## PROBLEM DETAILS
Produce a verbatim copy of the data below that contains no pictures.

## SUPPLIED INFORMATION

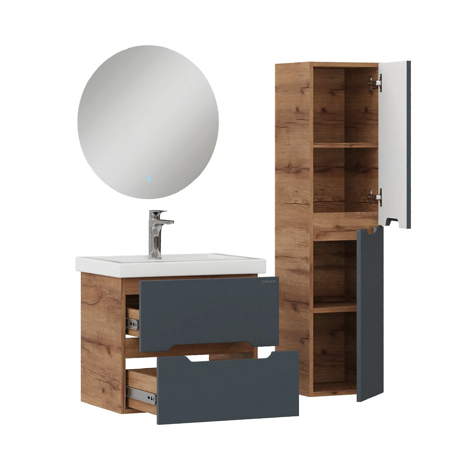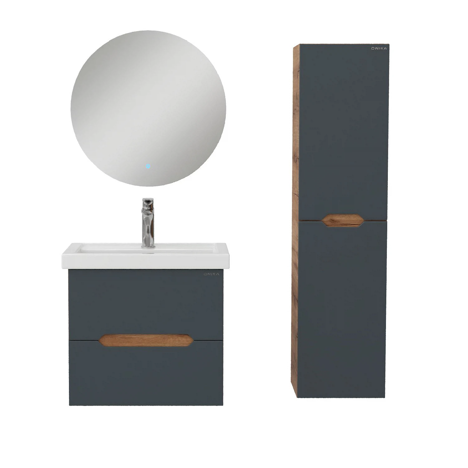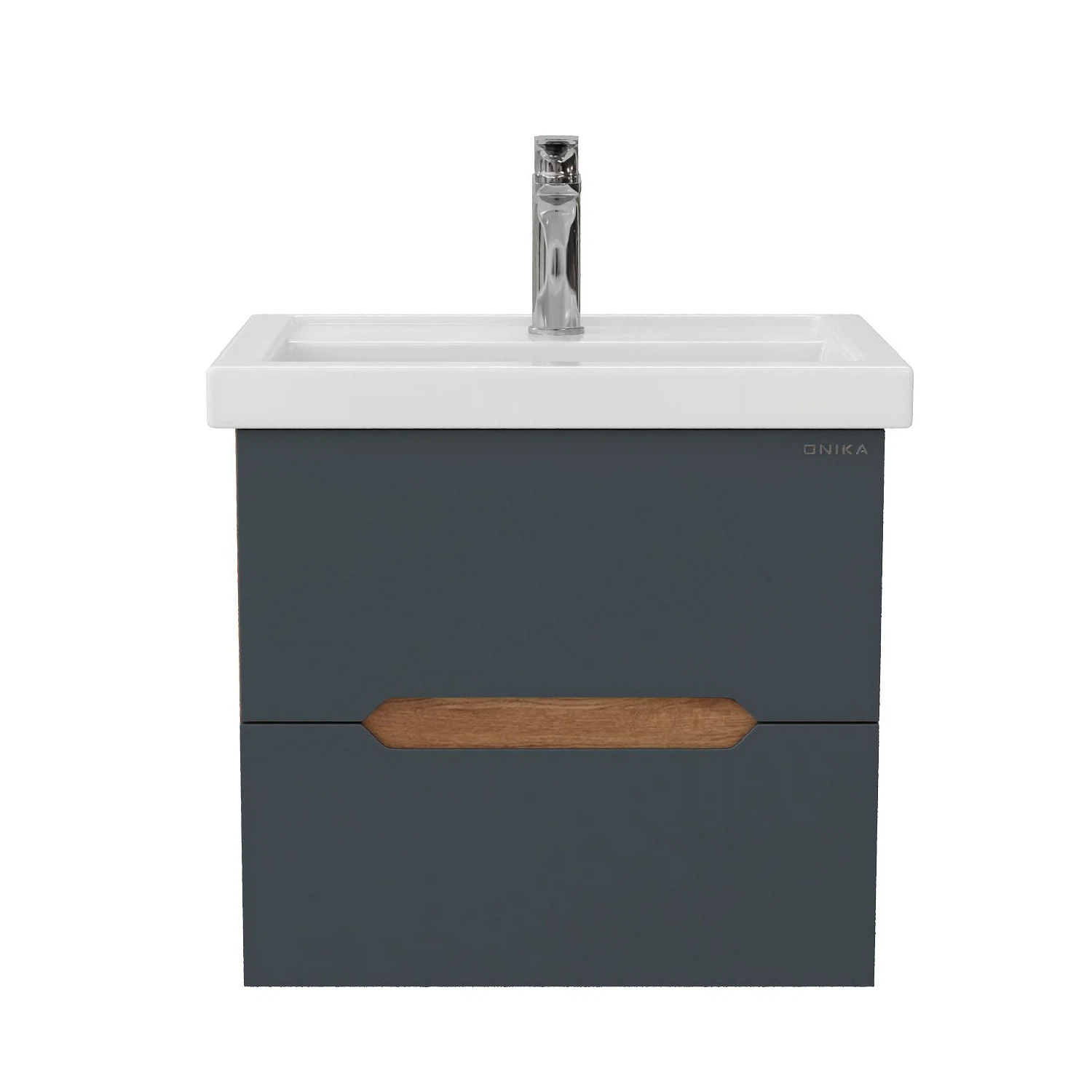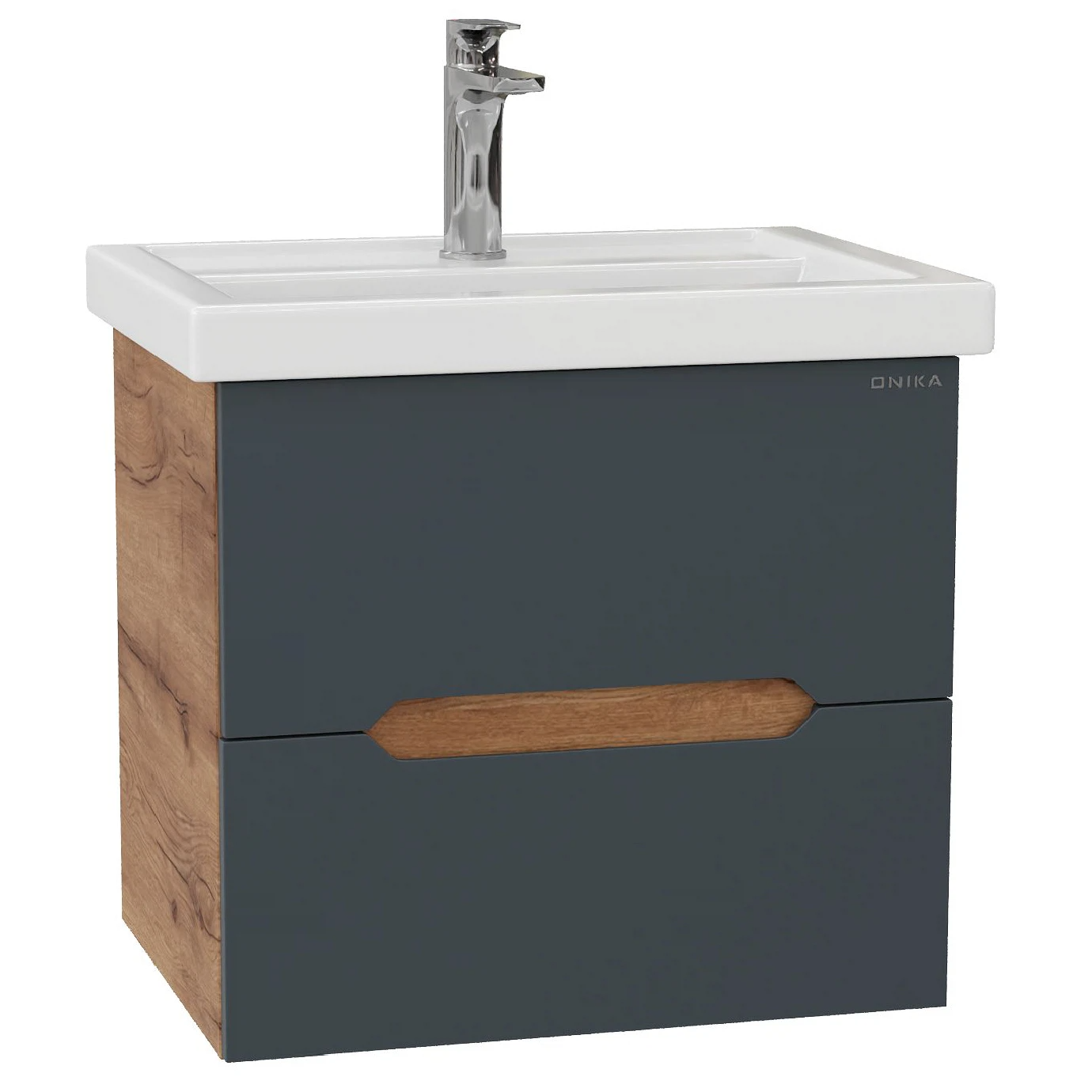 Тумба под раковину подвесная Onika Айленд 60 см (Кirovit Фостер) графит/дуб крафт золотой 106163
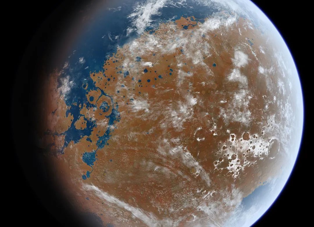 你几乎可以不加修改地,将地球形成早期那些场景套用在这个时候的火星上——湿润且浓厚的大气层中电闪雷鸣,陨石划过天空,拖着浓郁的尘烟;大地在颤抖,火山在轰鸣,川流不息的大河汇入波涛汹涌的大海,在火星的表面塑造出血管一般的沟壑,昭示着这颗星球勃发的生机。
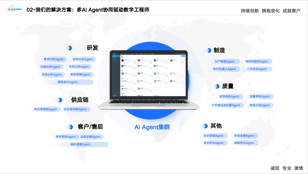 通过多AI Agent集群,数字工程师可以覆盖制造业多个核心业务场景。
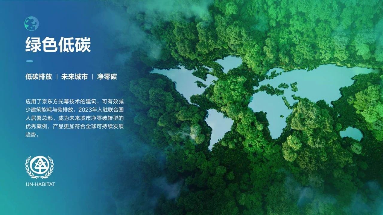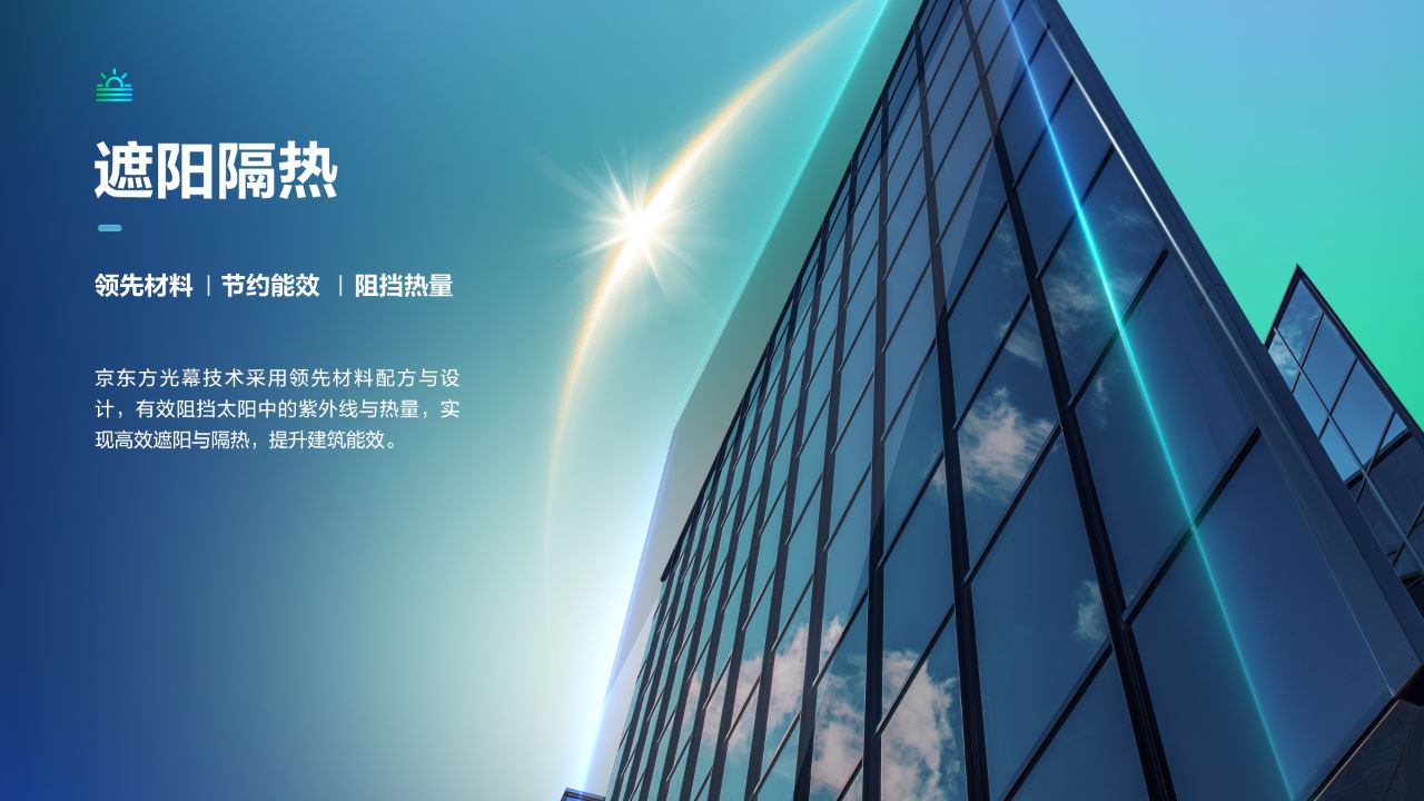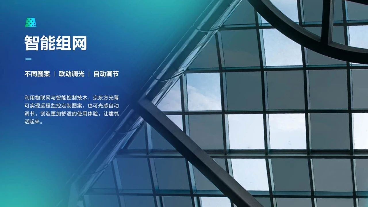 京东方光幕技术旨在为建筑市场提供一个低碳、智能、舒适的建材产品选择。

## RESULT
 Тумба под раковину подвесная Onika Айленд 60 см (Кirovit Фостер) графит/дуб крафт золотой 106163
 你几乎可以不加修改地,将地球形成早期那些场景套用在这个时候的火星上——湿润且浓厚的大气层中电闪雷鸣,陨石划过天空,拖着浓郁的尘烟;大地在颤抖,火山在轰鸣,川流不息的大河汇入波涛汹涌的大海,在火星的表面塑造出血管一般的沟壑,昭示着这颗星球勃发的生机。
 通过多AI Agent集群,数字工程师可以覆盖制造业多个核心业务场景。
 京东方光幕技术旨在为建筑市场提供一个低碳、智能、舒适的建材产品选择。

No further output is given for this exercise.